How can I automate the deletion of files from my downloads folder but keep files I've tagged with "Keep"? I've been able to use Automator to delete files daily, but I can't work with tags in Automater. Most likely this requires AppleScript (I'm fairly new to AppleScript). I've created an AppleScript to delete files from Downloads folder, but it's not working (I can't tell if it's a permissions issue), and I'm lost on how file tags/labels work in AppleScript.

    tell application "Finder"
        delete (every item of folder "/Users/wheel58m/Library/Mobile Documents/com~apple~CloudDocs/Downloads")
    end tell
on error
    display dialog ("Error. Couldn't Move the File") buttons {"OK"}
end try

Any documentation or resources is appreciated.


Automatically Delete Files From Downloads Folder Daily Unless Tagged With “Keep”?

The following example AppleScript code can be used in a shell script with an /usr/bin/osascript shebang, or an AppleScript script/application, or a Run AppleScript action in an Automator workflow to delete any file in the targetFolder that does not have a custom "Keep" Tag set in Finder:

-- # targetFolder can be either an HFS path or a POSIX path,
-- # "path:to:target:folder:" or "/path/to/target/folder"
-- # 
-- # Change the value of targetFolder from "/path/to/target/folder"
-- # to the appropriate fully qualified pathname in either form.

set targetFolder to "/path/to/target/folder"

-- # The remaining code should not need to be modified, 
-- # unless the mdfind query needs to be changed.

set targetFolderPOSIXpath to ¬
    the quoted form of ¬
        the POSIX path of targetFolder

set shellCMD to {¬
    "mdfind -onlyin", space, targetFolderPOSIXpath, space, ¬
    "'! kMDItemKind == Folder && ! kMDItemUserTags == Keep'"} ¬
    as string

set posixFilesToDelete to ¬
    paragraphs of ¬
    (do shell script shellCMD)

set filesToDelete to {}
repeat with thisFile in posixFilesToDelete
    set thisFile to POSIX file thisFile as alias
    set the end of filesToDelete to thisFile
end repeat

if filesToDelete is not {} then ¬
    tell application "Finder" to ¬
        delete filesToDelete 

Note: Scroll as necessary to see remaining code.


  • As I do not have the target folder mentioned in the OP, I could not test for any permissions issues that may need addressing in: System Preferences > Security & Privacy > Privacy
  • The example AppleScript code was tested and work for me without issue in macOS Catalina using a temporary folder created within my Home folder while adding files and folders to it and tagging only some files with a custom "Keep" Tag in Finder.
  • As to "Automatically Delete Files" there are a number of different ways to accomplish this depending on how the example AppleScript code is used.
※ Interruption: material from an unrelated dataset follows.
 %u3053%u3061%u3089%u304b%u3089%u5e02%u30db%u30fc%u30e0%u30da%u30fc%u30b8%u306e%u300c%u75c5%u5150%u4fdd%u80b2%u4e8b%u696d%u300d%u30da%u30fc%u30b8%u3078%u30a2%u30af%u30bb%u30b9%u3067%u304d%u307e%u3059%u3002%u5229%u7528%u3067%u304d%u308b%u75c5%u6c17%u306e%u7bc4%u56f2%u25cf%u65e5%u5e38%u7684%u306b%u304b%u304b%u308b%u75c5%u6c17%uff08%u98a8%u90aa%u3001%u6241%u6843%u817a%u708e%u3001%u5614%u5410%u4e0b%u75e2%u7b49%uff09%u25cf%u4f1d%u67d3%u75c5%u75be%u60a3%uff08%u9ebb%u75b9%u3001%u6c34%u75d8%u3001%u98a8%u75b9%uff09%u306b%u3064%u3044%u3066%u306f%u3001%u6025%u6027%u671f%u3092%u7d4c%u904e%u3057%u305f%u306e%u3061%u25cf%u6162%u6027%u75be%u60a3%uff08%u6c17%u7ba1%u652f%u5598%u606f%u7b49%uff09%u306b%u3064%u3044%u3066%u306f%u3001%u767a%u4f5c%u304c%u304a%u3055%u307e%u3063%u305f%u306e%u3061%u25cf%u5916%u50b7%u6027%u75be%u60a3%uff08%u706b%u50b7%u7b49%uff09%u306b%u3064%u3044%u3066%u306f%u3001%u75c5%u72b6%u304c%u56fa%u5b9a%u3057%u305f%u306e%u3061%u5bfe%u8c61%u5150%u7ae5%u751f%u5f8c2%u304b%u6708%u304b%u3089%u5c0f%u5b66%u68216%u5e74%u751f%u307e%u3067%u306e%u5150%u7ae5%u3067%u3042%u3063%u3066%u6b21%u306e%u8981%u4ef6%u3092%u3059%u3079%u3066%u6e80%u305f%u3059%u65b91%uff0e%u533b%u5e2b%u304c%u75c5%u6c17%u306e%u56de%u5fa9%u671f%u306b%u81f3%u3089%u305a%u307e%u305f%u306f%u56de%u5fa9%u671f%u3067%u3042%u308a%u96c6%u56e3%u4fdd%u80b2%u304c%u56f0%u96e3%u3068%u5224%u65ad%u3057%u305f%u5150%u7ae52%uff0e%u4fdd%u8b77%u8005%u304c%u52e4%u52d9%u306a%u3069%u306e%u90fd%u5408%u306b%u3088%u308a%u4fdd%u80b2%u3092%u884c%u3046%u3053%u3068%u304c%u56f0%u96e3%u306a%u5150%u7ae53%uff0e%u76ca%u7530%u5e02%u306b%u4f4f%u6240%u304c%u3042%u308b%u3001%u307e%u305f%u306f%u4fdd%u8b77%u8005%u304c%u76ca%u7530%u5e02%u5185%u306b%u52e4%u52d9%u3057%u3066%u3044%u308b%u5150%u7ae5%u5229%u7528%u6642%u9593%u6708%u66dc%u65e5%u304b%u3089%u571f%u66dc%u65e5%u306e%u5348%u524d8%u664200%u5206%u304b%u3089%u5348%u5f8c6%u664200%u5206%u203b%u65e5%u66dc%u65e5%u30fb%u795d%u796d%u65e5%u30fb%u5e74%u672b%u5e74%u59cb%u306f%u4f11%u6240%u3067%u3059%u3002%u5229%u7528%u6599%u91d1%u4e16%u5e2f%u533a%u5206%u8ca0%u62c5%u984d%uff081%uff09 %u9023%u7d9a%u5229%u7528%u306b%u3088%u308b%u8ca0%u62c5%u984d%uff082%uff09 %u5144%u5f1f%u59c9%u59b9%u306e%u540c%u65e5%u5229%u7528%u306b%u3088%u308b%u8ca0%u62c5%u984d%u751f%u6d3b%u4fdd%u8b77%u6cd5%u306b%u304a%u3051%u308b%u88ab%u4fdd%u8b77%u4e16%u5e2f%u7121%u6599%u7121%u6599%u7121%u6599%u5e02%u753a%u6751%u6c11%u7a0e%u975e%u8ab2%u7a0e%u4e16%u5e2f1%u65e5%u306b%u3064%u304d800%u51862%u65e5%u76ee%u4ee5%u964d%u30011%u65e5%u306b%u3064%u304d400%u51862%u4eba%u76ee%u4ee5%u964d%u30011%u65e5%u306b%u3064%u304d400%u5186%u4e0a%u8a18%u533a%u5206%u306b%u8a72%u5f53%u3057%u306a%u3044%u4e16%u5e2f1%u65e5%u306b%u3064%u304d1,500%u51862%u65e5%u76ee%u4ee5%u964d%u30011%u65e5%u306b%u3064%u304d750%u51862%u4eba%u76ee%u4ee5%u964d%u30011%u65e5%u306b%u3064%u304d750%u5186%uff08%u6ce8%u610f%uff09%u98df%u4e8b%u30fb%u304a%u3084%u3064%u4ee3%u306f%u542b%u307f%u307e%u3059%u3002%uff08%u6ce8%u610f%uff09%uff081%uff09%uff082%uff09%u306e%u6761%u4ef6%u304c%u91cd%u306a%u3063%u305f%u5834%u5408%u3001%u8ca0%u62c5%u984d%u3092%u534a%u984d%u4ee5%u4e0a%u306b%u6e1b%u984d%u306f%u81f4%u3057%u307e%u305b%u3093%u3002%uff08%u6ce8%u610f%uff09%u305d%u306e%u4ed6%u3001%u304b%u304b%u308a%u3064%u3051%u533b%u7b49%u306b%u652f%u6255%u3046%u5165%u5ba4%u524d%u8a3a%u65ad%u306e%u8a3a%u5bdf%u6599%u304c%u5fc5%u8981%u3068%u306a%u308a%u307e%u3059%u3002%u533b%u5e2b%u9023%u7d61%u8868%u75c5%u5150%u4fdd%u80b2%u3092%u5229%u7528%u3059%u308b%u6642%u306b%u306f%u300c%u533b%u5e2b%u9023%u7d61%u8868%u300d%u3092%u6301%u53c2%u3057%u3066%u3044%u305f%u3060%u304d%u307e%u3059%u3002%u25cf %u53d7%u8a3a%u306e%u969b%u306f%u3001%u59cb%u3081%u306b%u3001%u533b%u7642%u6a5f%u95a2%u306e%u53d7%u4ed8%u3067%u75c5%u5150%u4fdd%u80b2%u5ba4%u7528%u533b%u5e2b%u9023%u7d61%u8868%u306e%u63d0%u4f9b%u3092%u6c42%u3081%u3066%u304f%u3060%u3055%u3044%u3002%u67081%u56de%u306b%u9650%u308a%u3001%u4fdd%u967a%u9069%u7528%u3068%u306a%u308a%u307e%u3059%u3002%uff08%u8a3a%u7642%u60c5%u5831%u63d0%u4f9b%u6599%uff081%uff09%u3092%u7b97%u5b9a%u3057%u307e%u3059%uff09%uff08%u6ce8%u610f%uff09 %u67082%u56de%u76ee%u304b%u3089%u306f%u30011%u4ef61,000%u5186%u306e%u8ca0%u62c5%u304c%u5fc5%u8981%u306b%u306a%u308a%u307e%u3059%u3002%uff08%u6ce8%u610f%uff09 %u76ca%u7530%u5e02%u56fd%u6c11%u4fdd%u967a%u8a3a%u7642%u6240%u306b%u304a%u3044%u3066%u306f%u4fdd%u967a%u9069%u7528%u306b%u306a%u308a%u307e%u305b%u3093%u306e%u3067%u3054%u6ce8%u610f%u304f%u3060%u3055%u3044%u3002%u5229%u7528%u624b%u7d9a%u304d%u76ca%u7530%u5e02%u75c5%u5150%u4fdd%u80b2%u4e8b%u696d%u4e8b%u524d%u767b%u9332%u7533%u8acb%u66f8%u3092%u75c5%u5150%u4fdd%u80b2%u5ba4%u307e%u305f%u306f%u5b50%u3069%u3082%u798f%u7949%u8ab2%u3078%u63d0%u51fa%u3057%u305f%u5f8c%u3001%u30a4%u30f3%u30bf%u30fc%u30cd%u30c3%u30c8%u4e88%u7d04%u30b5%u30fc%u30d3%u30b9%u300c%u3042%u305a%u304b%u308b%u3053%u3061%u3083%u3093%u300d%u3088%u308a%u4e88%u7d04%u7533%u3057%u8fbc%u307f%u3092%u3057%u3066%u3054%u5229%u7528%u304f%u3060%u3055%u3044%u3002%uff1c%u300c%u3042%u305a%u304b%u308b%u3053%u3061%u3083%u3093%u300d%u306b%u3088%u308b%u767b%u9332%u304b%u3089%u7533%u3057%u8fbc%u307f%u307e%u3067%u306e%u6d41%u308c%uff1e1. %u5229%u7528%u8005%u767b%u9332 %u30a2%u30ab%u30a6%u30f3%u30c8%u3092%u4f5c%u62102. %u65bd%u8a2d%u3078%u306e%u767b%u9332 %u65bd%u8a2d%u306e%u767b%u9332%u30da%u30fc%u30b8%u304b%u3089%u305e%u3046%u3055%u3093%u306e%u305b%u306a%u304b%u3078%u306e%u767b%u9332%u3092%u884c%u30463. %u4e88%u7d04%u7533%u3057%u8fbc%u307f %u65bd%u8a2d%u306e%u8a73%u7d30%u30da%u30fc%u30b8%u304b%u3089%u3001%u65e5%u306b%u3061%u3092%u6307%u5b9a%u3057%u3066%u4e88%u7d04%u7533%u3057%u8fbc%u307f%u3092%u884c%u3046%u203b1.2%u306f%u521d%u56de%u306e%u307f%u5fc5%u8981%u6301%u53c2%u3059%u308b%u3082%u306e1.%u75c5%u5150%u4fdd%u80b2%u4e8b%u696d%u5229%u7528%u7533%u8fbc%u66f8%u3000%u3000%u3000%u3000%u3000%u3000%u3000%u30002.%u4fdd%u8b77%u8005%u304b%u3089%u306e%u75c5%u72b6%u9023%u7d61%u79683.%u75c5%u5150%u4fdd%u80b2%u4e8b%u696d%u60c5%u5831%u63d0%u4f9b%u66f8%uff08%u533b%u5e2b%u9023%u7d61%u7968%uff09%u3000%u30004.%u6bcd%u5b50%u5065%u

Used as an AppleScript shell script or application it can be scheduled to run at whatever time you'd like, using any of several different methods.
    • As an AppleScript application using: Calendar
    • As an AppleScript shell script using: launchd or cron

Note: The example AppleScript code is just that and sans any included error handling does not contain any additional error handling as may be appropriate. The onus is upon the user to add any error handling as may be appropriate, needed or wanted. Have a look at the try statement and error statement in the AppleScript Language Guide. See also, Working with Errors. Additionally, the use of the delay command may be necessary between events where appropriate, e.g. delay 0.5, with the value of the delay set appropriately.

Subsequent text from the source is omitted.